ASSIGNED TASK: Among the lines of the listing below, retype exactly those from the one containing "และวิทยาศาสตร์สุขภาพ รุ่นที่ 3" through the one containing "有些超七紫水晶並沒有這些完整的內包裹物, Melody和Judy Hall的著作《The", both included. Do not include pictures.

SOURCE INFORMATION:
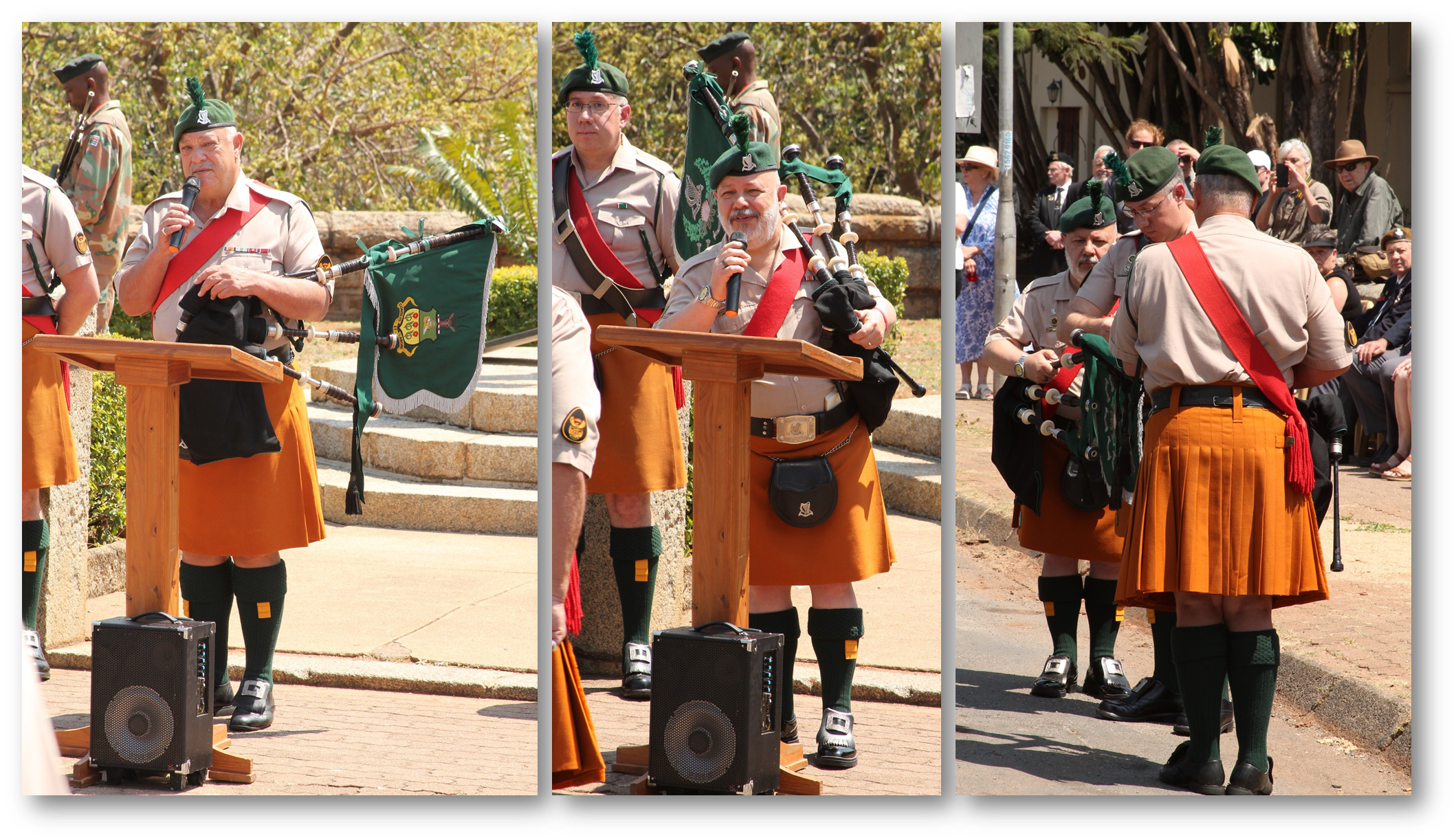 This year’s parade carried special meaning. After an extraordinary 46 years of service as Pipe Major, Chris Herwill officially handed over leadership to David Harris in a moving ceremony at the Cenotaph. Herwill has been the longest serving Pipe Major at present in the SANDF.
* * *
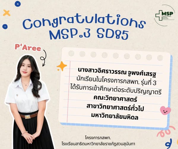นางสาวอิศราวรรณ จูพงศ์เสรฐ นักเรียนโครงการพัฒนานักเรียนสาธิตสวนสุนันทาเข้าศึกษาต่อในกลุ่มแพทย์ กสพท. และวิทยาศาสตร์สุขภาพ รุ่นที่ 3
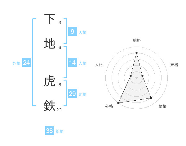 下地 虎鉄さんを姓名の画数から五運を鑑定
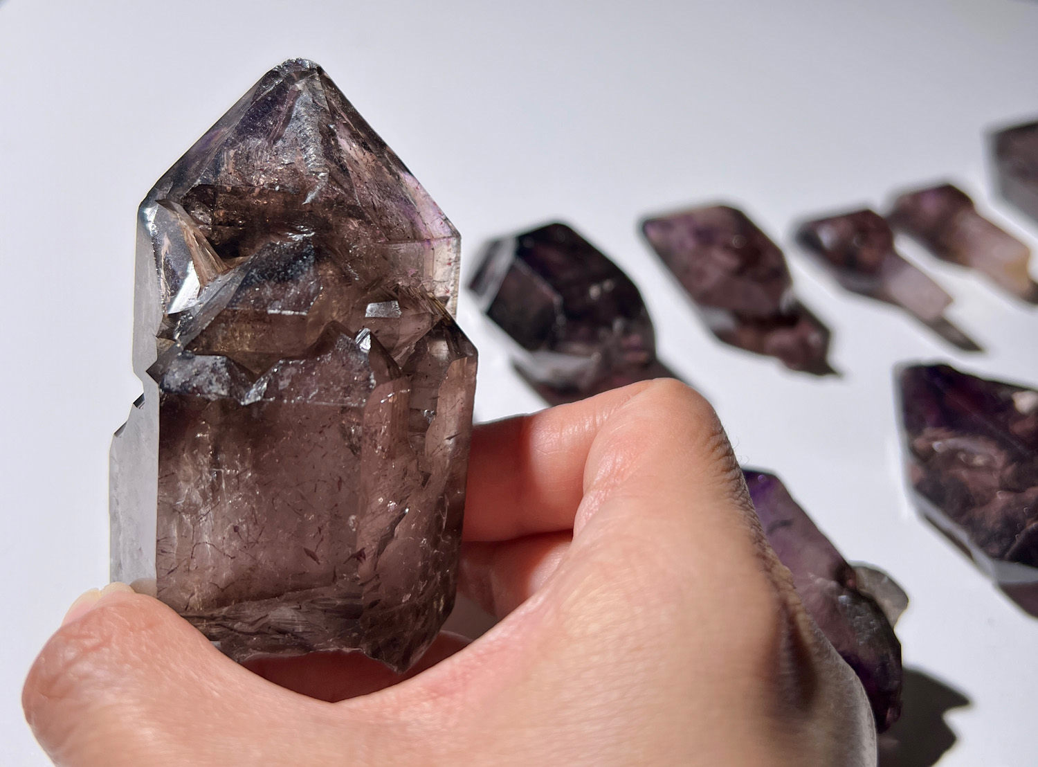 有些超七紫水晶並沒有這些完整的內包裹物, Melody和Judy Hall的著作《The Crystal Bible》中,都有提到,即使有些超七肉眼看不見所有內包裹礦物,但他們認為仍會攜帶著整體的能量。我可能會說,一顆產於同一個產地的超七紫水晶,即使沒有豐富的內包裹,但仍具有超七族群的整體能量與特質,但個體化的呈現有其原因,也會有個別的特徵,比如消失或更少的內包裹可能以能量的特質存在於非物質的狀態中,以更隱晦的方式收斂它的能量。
==
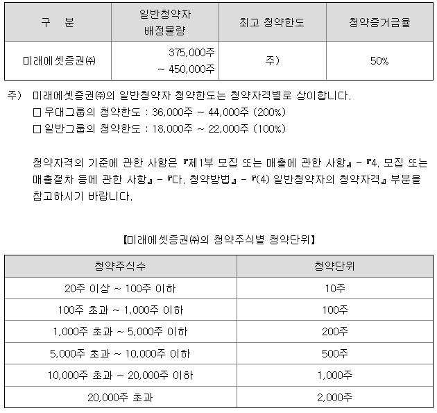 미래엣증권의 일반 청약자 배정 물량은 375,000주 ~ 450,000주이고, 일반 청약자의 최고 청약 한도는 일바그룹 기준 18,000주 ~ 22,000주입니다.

EXERCISE ANSWER:
นางสาวอิศราวรรณ จูพงศ์เสรฐ นักเรียนโครงการพัฒนานักเรียนสาธิตสวนสุนันทาเข้าศึกษาต่อในกลุ่มแพทย์ กสพท. และวิทยาศาสตร์สุขภาพ รุ่นที่ 3
 下地 虎鉄さんを姓名の画数から五運を鑑定
 有些超七紫水晶並沒有這些完整的內包裹物, Melody和Judy Hall的著作《The Crystal Bible》中,都有提到,即使有些超七肉眼看不見所有內包裹礦物,但他們認為仍會攜帶著整體的能量。我可能會說,一顆產於同一個產地的超七紫水晶,即使沒有豐富的內包裹,但仍具有超七族群的整體能量與特質,但個體化的呈現有其原因,也會有個別的特徵,比如消失或更少的內包裹可能以能量的特質存在於非物質的狀態中,以更隱晦的方式收斂它的能量。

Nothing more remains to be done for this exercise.